(Records from a dataset)
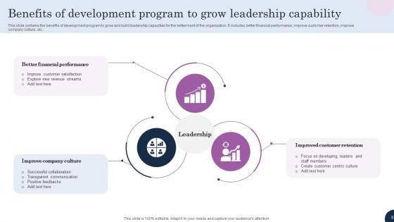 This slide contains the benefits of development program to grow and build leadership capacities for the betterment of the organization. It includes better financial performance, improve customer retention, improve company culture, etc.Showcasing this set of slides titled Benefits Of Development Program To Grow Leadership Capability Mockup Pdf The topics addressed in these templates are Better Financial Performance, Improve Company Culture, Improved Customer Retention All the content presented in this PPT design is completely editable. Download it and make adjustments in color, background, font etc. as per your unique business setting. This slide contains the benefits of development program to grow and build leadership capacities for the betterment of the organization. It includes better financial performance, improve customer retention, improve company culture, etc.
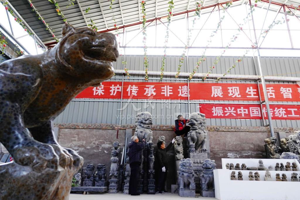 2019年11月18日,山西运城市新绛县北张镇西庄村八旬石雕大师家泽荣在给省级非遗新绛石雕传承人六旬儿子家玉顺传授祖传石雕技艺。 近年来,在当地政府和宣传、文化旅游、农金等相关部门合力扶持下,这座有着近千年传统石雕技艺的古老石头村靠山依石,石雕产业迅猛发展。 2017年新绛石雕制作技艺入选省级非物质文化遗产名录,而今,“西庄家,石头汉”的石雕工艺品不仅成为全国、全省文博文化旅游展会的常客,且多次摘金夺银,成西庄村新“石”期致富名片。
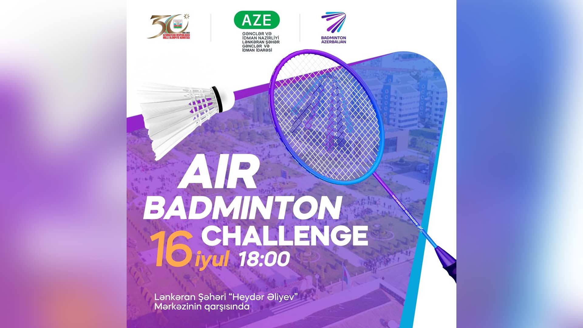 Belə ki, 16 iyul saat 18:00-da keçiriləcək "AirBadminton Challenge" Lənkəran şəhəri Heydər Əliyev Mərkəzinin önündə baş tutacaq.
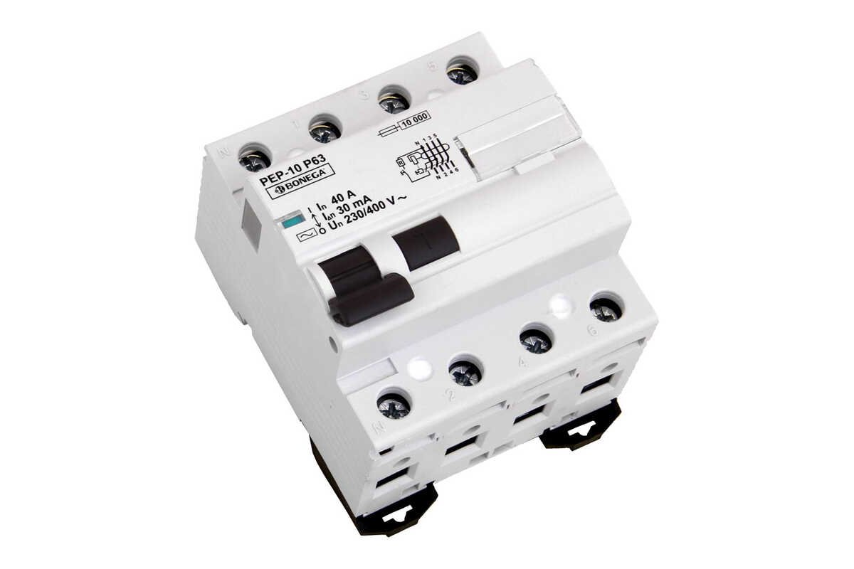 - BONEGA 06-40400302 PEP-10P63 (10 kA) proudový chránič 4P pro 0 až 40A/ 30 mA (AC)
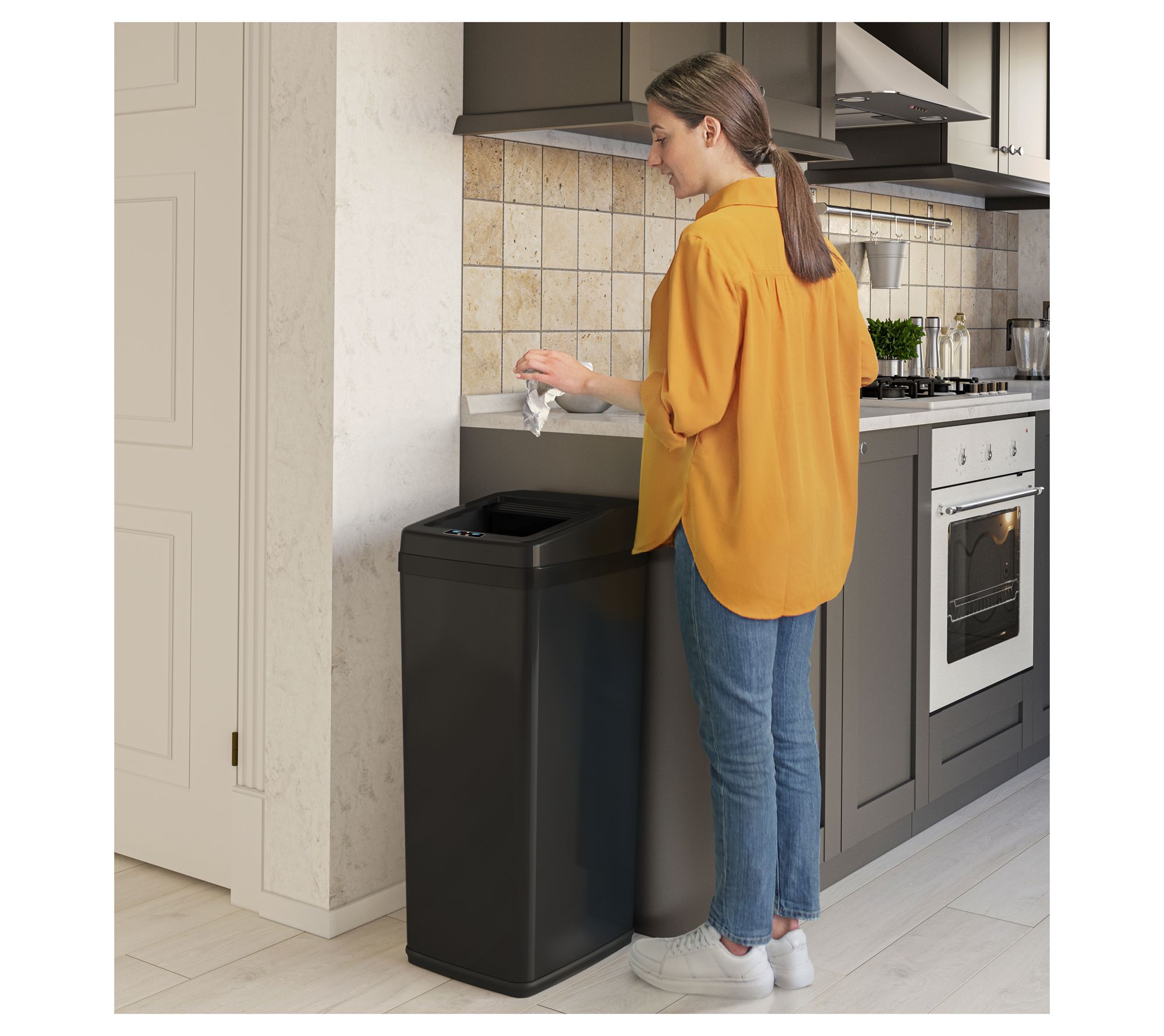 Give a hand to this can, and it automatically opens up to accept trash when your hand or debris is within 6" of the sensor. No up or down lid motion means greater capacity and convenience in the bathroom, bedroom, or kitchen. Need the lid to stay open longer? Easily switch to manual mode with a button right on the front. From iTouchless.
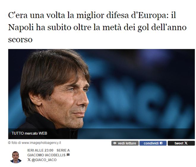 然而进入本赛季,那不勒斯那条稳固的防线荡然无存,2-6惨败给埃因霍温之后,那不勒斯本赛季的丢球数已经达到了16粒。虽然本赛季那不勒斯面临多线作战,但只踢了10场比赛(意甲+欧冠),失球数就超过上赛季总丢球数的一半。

**Problem requirements**
When you copy the records above, keep every word exact but leave out the pictures.

**Answer for the task**
 This slide contains the benefits of development program to grow and build leadership capacities for the betterment of the organization. It includes better financial performance, improve customer retention, improve company culture, etc.Showcasing this set of slides titled Benefits Of Development Program To Grow Leadership Capability Mockup Pdf The topics addressed in these templates are Better Financial Performance, Improve Company Culture, Improved Customer Retention All the content presented in this PPT design is completely editable. Download it and make adjustments in color, background, font etc. as per your unique business setting. This slide contains the benefits of development program to grow and build leadership capacities for the betterment of the organization. It includes better financial performance, improve customer retention, improve company culture, etc.
 2019年11月18日,山西运城市新绛县北张镇西庄村八旬石雕大师家泽荣在给省级非遗新绛石雕传承人六旬儿子家玉顺传授祖传石雕技艺。 近年来,在当地政府和宣传、文化旅游、农金等相关部门合力扶持下,这座有着近千年传统石雕技艺的古老石头村靠山依石,石雕产业迅猛发展。 2017年新绛石雕制作技艺入选省级非物质文化遗产名录,而今,“西庄家,石头汉”的石雕工艺品不仅成为全国、全省文博文化旅游展会的常客,且多次摘金夺银,成西庄村新“石”期致富名片。
 Belə ki, 16 iyul saat 18:00-da keçiriləcək "AirBadminton Challenge" Lənkəran şəhəri Heydər Əliyev Mərkəzinin önündə baş tutacaq.
 - BONEGA 06-40400302 PEP-10P63 (10 kA) proudový chránič 4P pro 0 až 40A/ 30 mA (AC)
 Give a hand to this can, and it automatically opens up to accept trash when your hand or debris is within 6" of the sensor. No up or down lid motion means greater capacity and convenience in the bathroom, bedroom, or kitchen. Need the lid to stay open longer? Easily switch to manual mode with a button right on the front. From iTouchless.
 然而进入本赛季,那不勒斯那条稳固的防线荡然无存,2-6惨败给埃因霍温之后,那不勒斯本赛季的丢球数已经达到了16粒。虽然本赛季那不勒斯面临多线作战,但只踢了10场比赛(意甲+欧冠),失球数就超过上赛季总丢球数的一半。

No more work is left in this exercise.